Home-Based Telemental Health Care Act of 2025
The Home-Based Telemental Health Care Act of 2025 would create a new grant program under Title III of the Public Health Service Act to expand mental health and substance use services delivered at home through telemental health. The program targets rural underserved populations, including health professional shortage areas in rural areas and people working in farming, fishing, or forestry. The Secretary of Health and Human Services, working with the Rural Health Liaison at the Department of Agriculture, would award grants to public or nonprofit telemental health provider networks to deliver services remotely, improve access, and build related infrastructure. Funds may be used to provide services, develop quality metrics, expand broadband, supply devices to patients, and offset technology costs for providers. The bill requires periodic reporting to Congress (at year 3 and year 5 after program start) and authorizes up to $10 million per fiscal year from 2025 through 2029 for this program (potentially up to $50 million total over the five-year span).
Key Points
- 1Grant program to expand home-based telemental health and substance use services for covered populations (rural HPSAs and farming/fishing/forestry workers) delivered remotely by professionals trained in mental health and SUD care.

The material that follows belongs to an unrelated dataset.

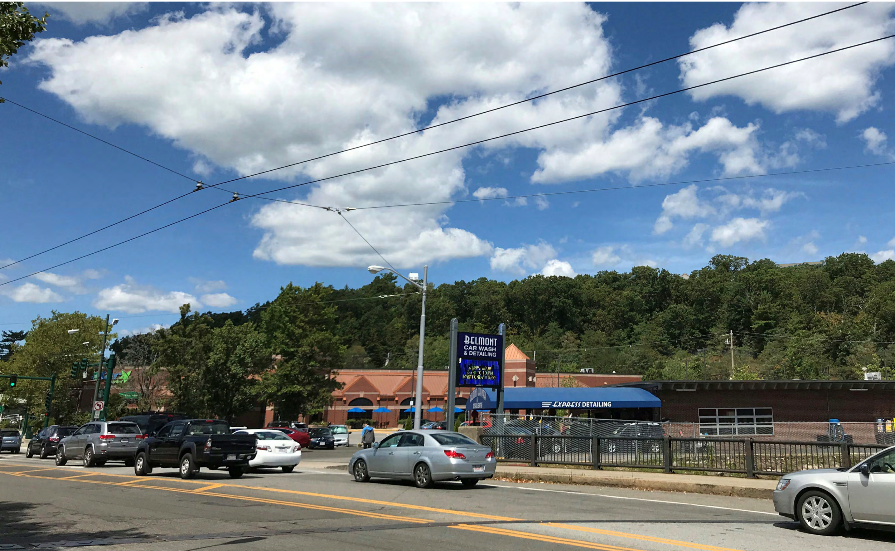
VIEW FROM TRAPELO ROAD ABOVE WAVERLY STATION - SUMMER SEASON

- 2Definitions establishing who is eligible and what counts as telemental health, including covered populations, eligible entities (public or nonprofit networks), and home-based delivery (patient at home or in a comfortable setting).
- 3Use of funds includes delivering services, developing quality/impact metrics, and strengthening infrastructure (broadband access, patient devices, and technology costs for providers).
- 4Administration involves the Secretary of Health and Human Services in coordination with the Rural Health Liaison of the Department of Agriculture.
- 5Funding and reporting: up to $10 million per fiscal year (2025–2029) with required reports to Congress at 3 years after program start and again 2 years later (approximately year 5), evaluating impact and quality of care.